> DATA FOR ANALYSIS

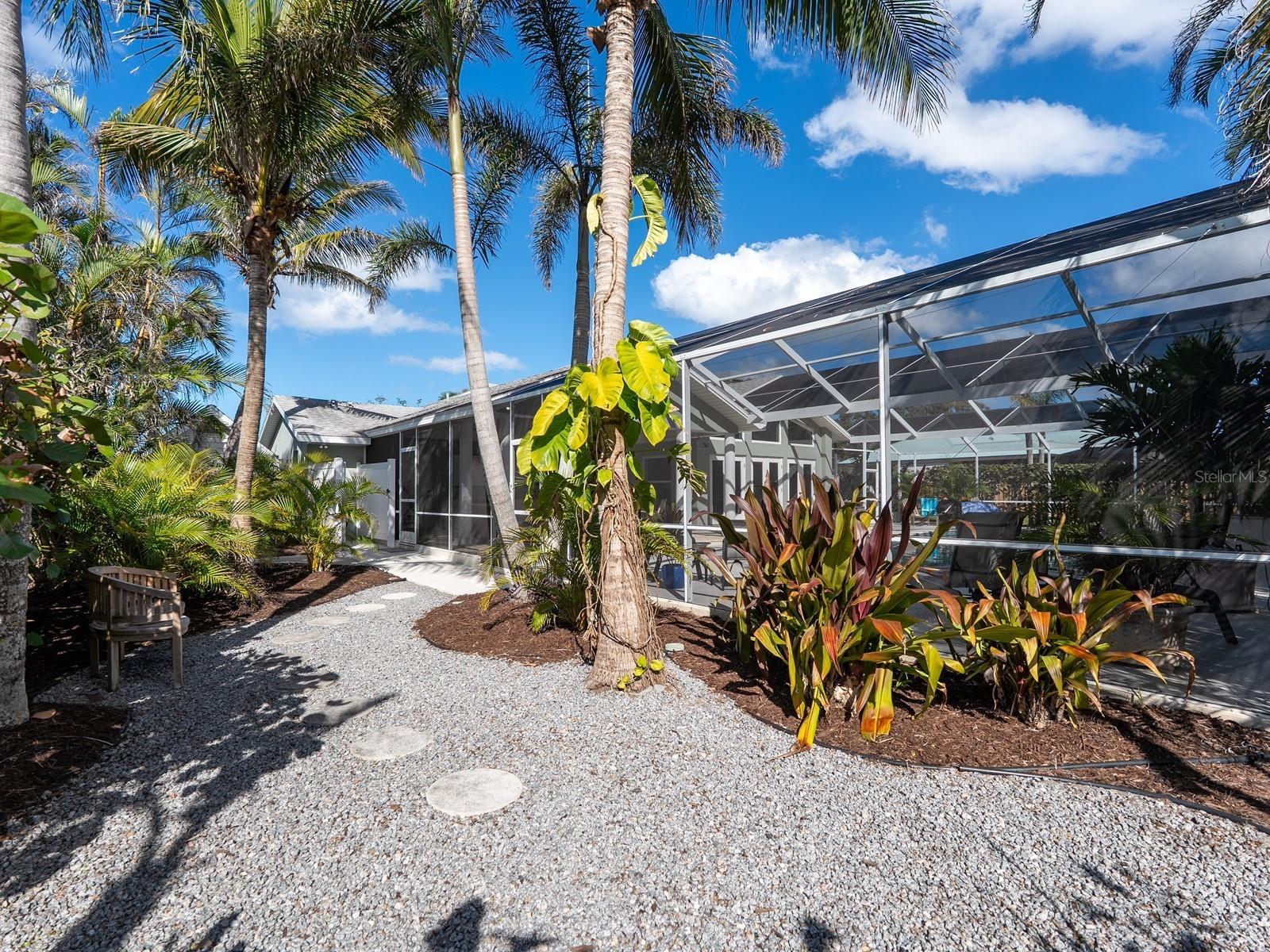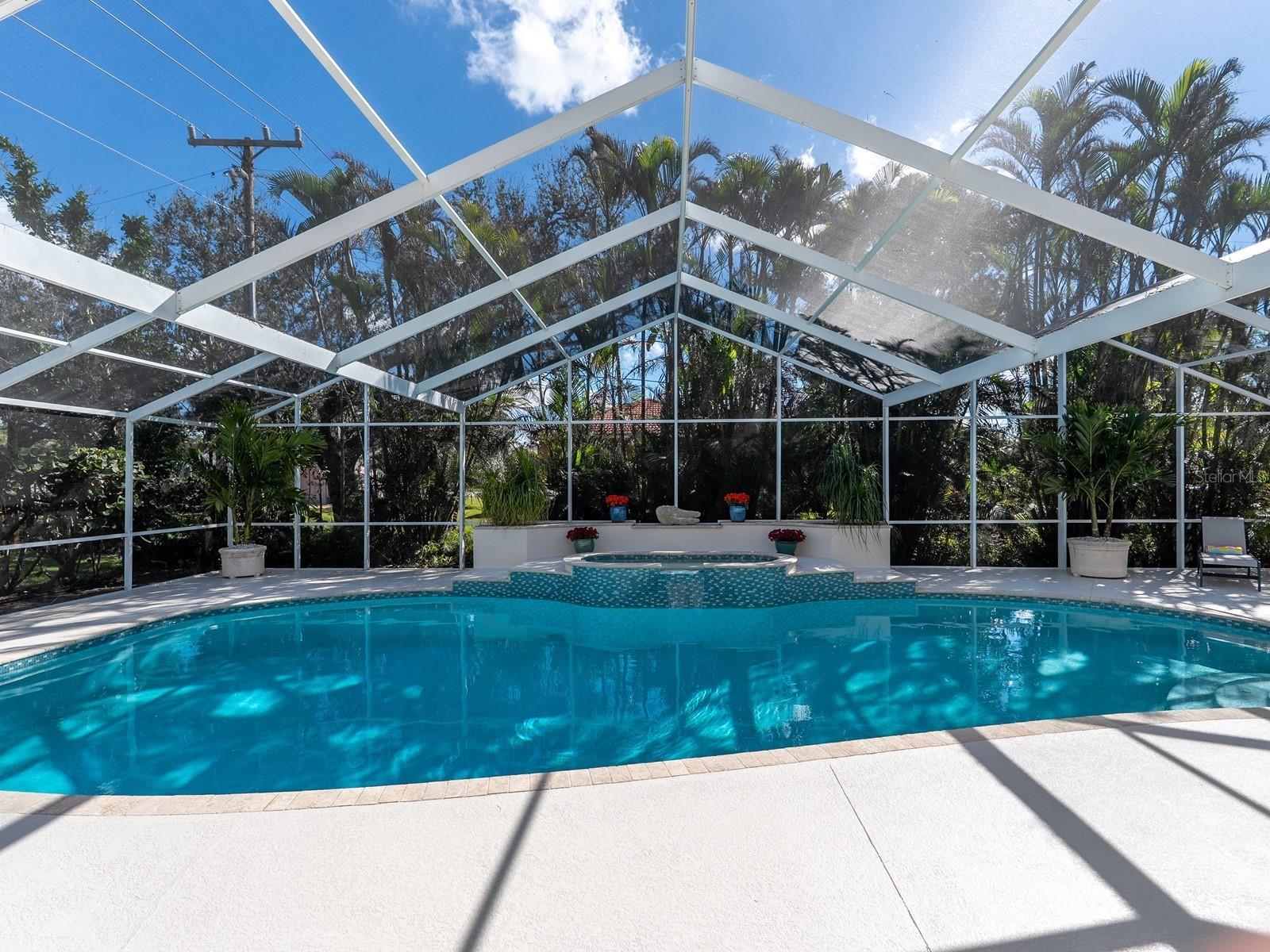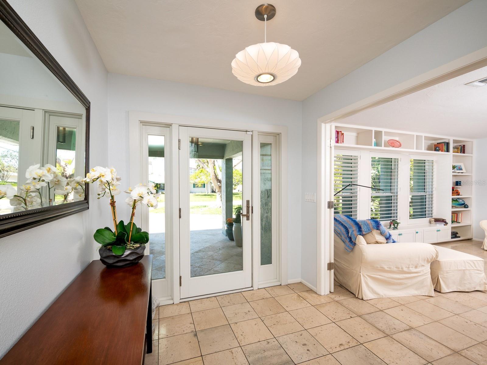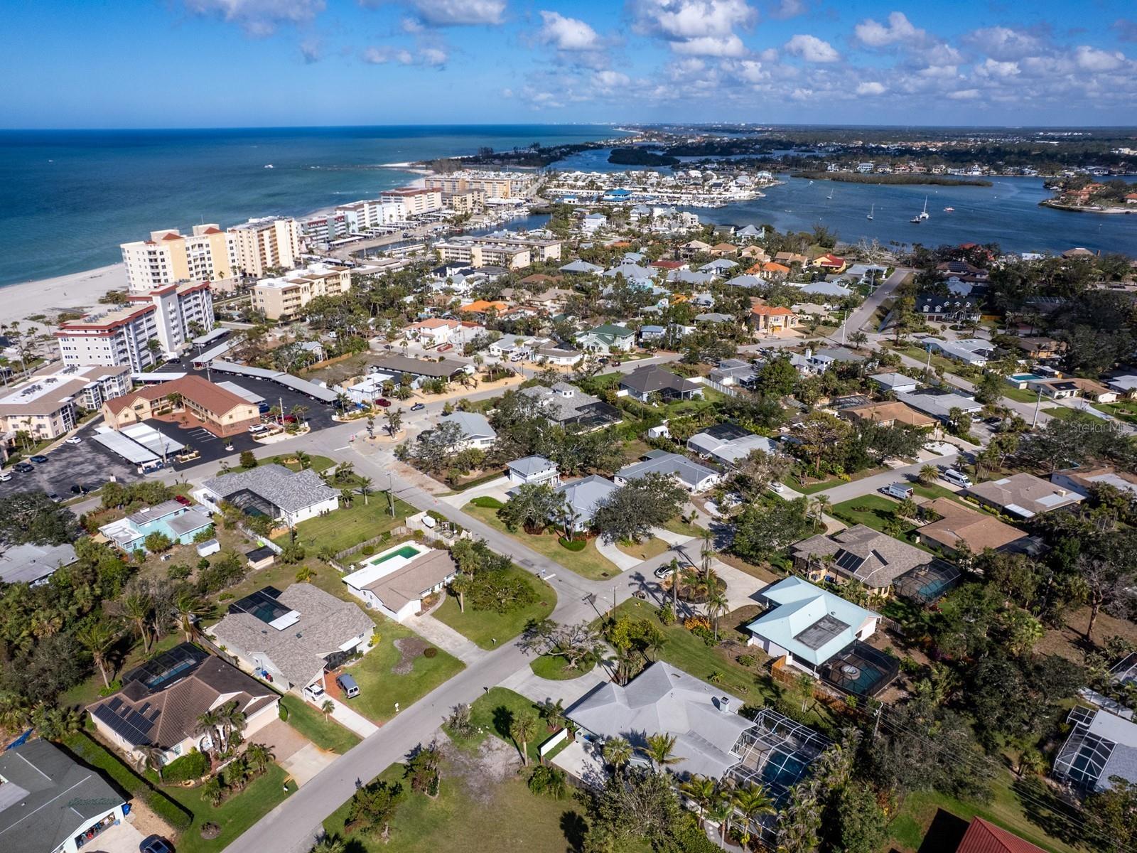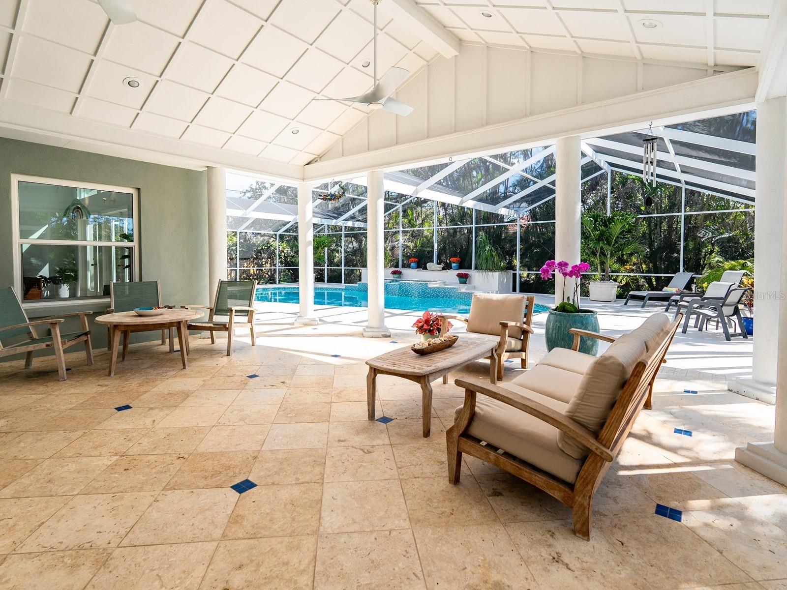 This stunning and spacious four-bedroom home has a den and features a captivating backyard oasis, ideal for relaxation and entertaining. It's just a short stroll away from the beach! Let the ocean breeze guide you to the shore, and you'll feel the warm sand beneath your toes in no time. After taking a moment to appreciate the curb appeal, you enter through the glass door into the foyer, which sets the tone for this remarkable home. The main living areas boast elegant, long-lasting, easy-care French Limestone flooring. While most of the bedrooms provide a warm, cozy ambiance with rich hardwood flooring. Numerous French doors throughout highlight the open and bright ambiance. A modern kitchen that impresses with its striking floor-to-ceiling cabinetry, exuding style. The lengthy Corian countertops create a culinary prep space that would make any chef envious. Additionally, there is a buffet area featuring built-in shelving and a planning center. The newer Bosch and GE stainless steel appliances remain. Nearby a remarkably large walk-in pantry awaits--a dream come true with its ingenious storage solutions. A trendy basin sink is beautifully oriented toward the breakfast bar, seamlessly connecting to the great room and enhancing the flow of the layout. In the dining and living areas, you are enveloped by spaciousness created by the soaring vaulted ceilings, a dramatic French Limestone fireplace, and clerestory windows. Three sets of French doors crowned by three clerestory windows overlook the impressive outdoor entertainment area. Experience a dream sanctuary, complete with an expansive vaulted cage pool that beckons you to unwind in the luxurious spa with a soothing spillover feature. Imagine entertaining in the nearly 600 square foot covered area, where laughter and joy flow as freely as the drinks from your nicely equipped summer kitchen. This is the ultimate haven for leisure and celebration, a paradise you won't want to leave! When it's time to recharge, the Primary Suite offers the privacy you desire. A sliding barn-style door opens to the renovated en suite bath with double walk-in closets, luxurious granite, elegant dual sinks, a French Limestone shower surround, and a private water closet. Adjacent is a den/study with stylish built-in cabinetry that enhances functionality and aesthetics. There is a guest wing with a bathroom and a bedroom featuring a Murphy bed, allowing flexible use. Two full bedrooms are located near a dual-function bathroom with a full and half bath with direct pool access. It is poised perfectly in a desirable area without association restrictions, with a side-yard patio, outbuilding storage, a 2-car garage, and a circular drive.
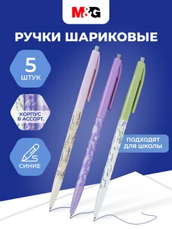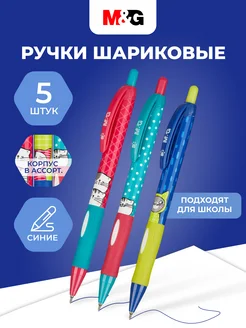 Ручки шариковые синие для школы, набор 5 штук, 0,35 мм
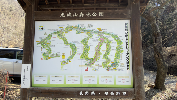 やっぱり山歩きの身体づくりは山歩きということで松本周辺で冬でも登れる低山を探したところヒットしたのが今回登った光城山(ひかるじょうやま)、912mです。
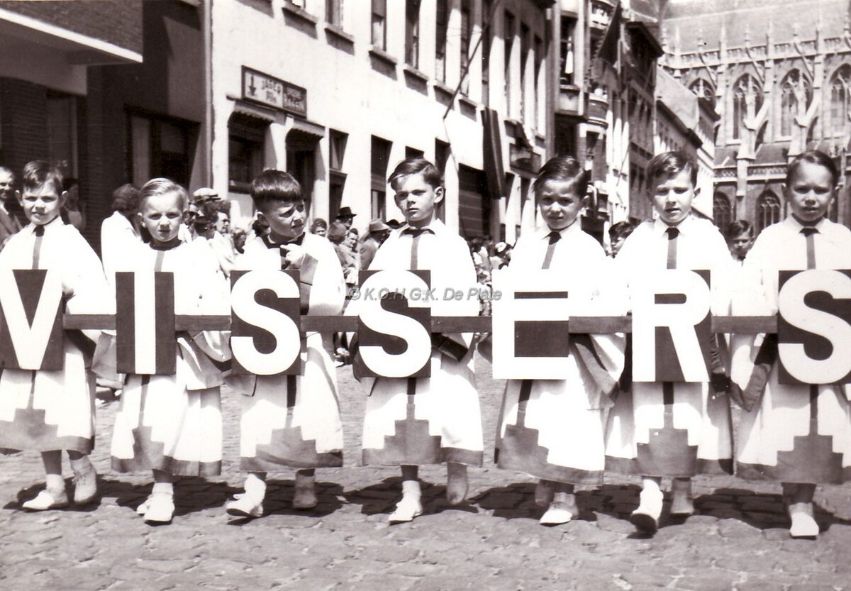 De stoet van de Zeewijding in de Dekenijstraat. Achteraan de Sint Petrus en Pauluskerk en de Jozef II-straat.
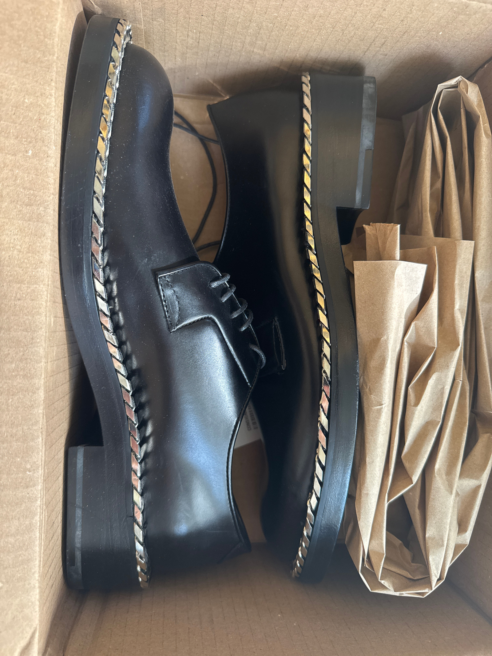 Inside a light brown corrugated cardboard box in Erba, Italy, two black formal shoes are presented. The shoes feature a smooth, polished black upper with black laces. Each shoe is distinguished by a p…read more
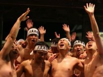 Japonya'nın Okyama kentinde düzenlenen festivale katılanlar sadece çorap ve peştemal giyiyor.
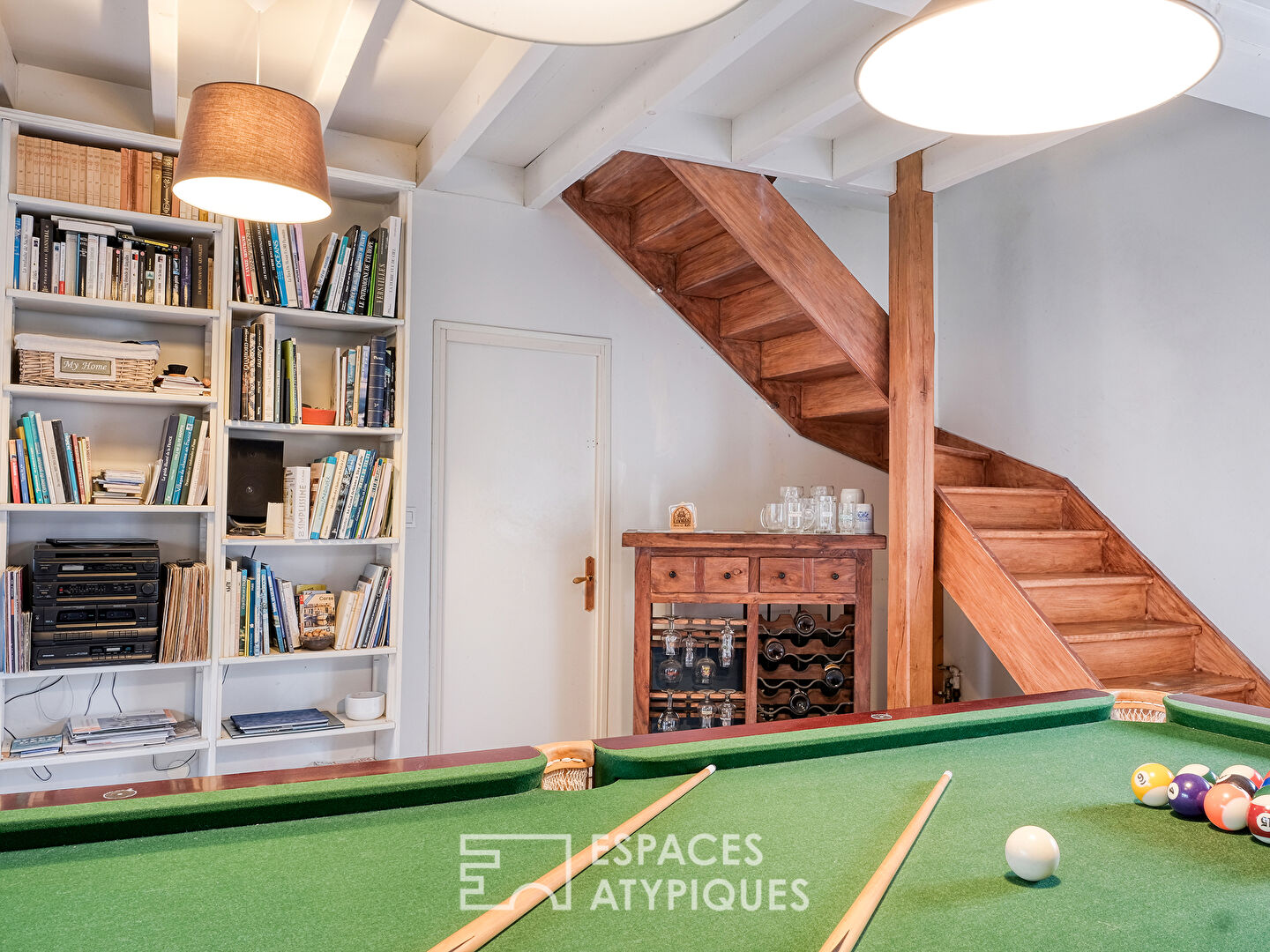 De retour dans l’entrée, la visite se poursuit dans l’extension créée dans les années 90 dont la pièce centrale abritant billard et bibliothèque, donne le ton de la détente. Un bureau avec placards intégrés, un dressing indépendant, une buanderie et un escalier complètent ce bel espace à la lumière traversante. De chaque côté des baies vitrées, se trouvent la terrasse principale ainsi qu’une deuxième terrasse et le jardin.
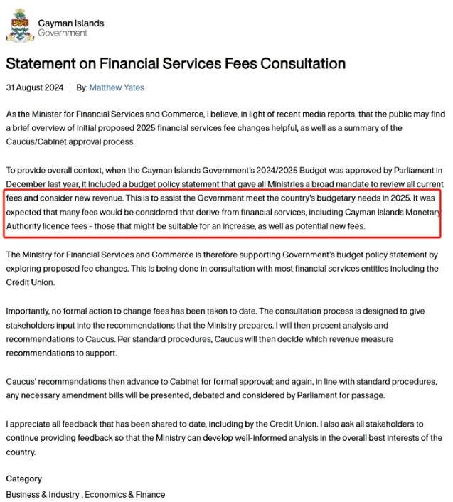 開(kāi)曼群島政府近日發(fā)布咨詢(xún)文件,建議于2025年1月1日起調(diào)高所有開(kāi)曼群島公司的政府牌照費(fèi)用。關(guān)于費(fèi)用調(diào)整的原因,開(kāi)曼群島金融服務(wù)部的解釋中提到:“為了幫助政府滿(mǎn)足2025年的預(yù)算需求,將通過(guò)探索擬議費(fèi)用變更來(lái)支持政府的預(yù)算政策聲明,許多來(lái)自金融服務(wù)的費(fèi)用將被考慮,包括開(kāi)曼群島金融管理局的許可費(fèi),可能適當(dāng)增加的費(fèi)用,以及潛在的新費(fèi)用。因此,將對(duì)開(kāi)曼群島公司年費(fèi)費(fèi)用進(jìn)行調(diào)整,以彌補(bǔ)增加的服務(wù)交付成本。“
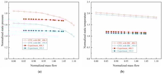 The above section has explained in detail that IBC has an important impact on the coupling characteristics, so it is necessary to study its internal flow field. The flow characteristics of IBC are mainly circular shear flow and radial differential pressure flow. Generally, aerodynamic parameters distributions in IBC are basically the same in the circumferential direction, and there are pressure and temperature gradients in the radial direction. In order to reflect the pressure loss and temperature drop of the cavity leakage flow along the centripetal movement on the static wall of IBC, the measurement value of ps or Ts on the maximum radius 406.3 mm and the minimum radius 193.5 mm are representatively analyzed from Figure 2. The detailed test data analysis of 16 measuring points can refer to the author’s previous research [25], and this article mainly analyzes the pressure loss and temperature drop of the two end points. The numerical results on the same positions in the cavity are also respectively extracted from Figure 3b to compare with the experimental data.
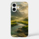 Protect your phone in style with this peaceful mountain river landscape nature iPhone case. Featuring lush green valleys, flowing water, and warm sunlight, this scenic phone case brings a calm and refreshing nature-inspired look to your everyday device.

> TASK TO CARRY OUT
Reproduce the entries exactly, from the line with "De stoet van" to the line with "開(kāi)曼群島政府近日發", both lines included, keeping no pictures.

> RESPONSE TO THE TASK
 De stoet van de Zeewijding in de Dekenijstraat. Achteraan de Sint Petrus en Pauluskerk en de Jozef II-straat.
 Inside a light brown corrugated cardboard box in Erba, Italy, two black formal shoes are presented. The shoes feature a smooth, polished black upper with black laces. Each shoe is distinguished by a p…read more
 Japonya'nın Okyama kentinde düzenlenen festivale katılanlar sadece çorap ve peştemal giyiyor.
 De retour dans l’entrée, la visite se poursuit dans l’extension créée dans les années 90 dont la pièce centrale abritant billard et bibliothèque, donne le ton de la détente. Un bureau avec placards intégrés, un dressing indépendant, une buanderie et un escalier complètent ce bel espace à la lumière traversante. De chaque côté des baies vitrées, se trouvent la terrasse principale ainsi qu’une deuxième terrasse et le jardin.
 開(kāi)曼群島政府近日發(fā)布咨詢(xún)文件,建議于2025年1月1日起調(diào)高所有開(kāi)曼群島公司的政府牌照費(fèi)用。關(guān)于費(fèi)用調(diào)整的原因,開(kāi)曼群島金融服務(wù)部的解釋中提到:“為了幫助政府滿(mǎn)足2025年的預(yù)算需求,將通過(guò)探索擬議費(fèi)用變更來(lái)支持政府的預(yù)算政策聲明,許多來(lái)自金融服務(wù)的費(fèi)用將被考慮,包括開(kāi)曼群島金融管理局的許可費(fèi),可能適當(dāng)增加的費(fèi)用,以及潛在的新費(fèi)用。因此,將對(duì)開(kāi)曼群島公司年費(fèi)費(fèi)用進(jìn)行調(diào)整,以彌補(bǔ)增加的服務(wù)交付成本。“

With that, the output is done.